INFORMATION GIVEN:
------------------------------
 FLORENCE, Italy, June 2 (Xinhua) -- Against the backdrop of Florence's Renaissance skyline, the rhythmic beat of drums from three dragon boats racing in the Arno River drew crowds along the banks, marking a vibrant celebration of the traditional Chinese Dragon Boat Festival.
------------------------------
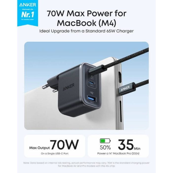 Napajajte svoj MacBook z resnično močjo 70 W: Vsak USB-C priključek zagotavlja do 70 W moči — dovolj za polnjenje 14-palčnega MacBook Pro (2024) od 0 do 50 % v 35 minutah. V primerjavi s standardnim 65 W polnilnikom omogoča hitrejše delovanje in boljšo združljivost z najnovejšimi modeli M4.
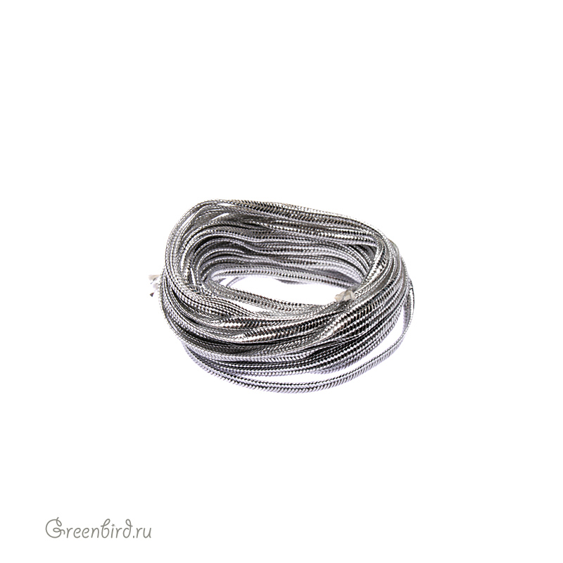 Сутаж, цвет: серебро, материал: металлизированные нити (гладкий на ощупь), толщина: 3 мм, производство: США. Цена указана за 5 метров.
------------------------------
THE PROBLEM: Only the lines starting at the one with "Napajajte svoj MacBook" and ending at the one with "Сутаж, цвет: серебро, материал: металлизированные" should be printed, each exactly as it appears in the material above; the pictures are to be omitted.

SOLUTION BELOW:
 Napajajte svoj MacBook z resnično močjo 70 W: Vsak USB-C priključek zagotavlja do 70 W moči — dovolj za polnjenje 14-palčnega MacBook Pro (2024) od 0 do 50 % v 35 minutah. V primerjavi s standardnim 65 W polnilnikom omogoča hitrejše delovanje in boljšo združljivost z najnovejšimi modeli M4.
 Сутаж, цвет: серебро, материал: металлизированные нити (гладкий на ощупь), толщина: 3 мм, производство: США. Цена указана за 5 метров.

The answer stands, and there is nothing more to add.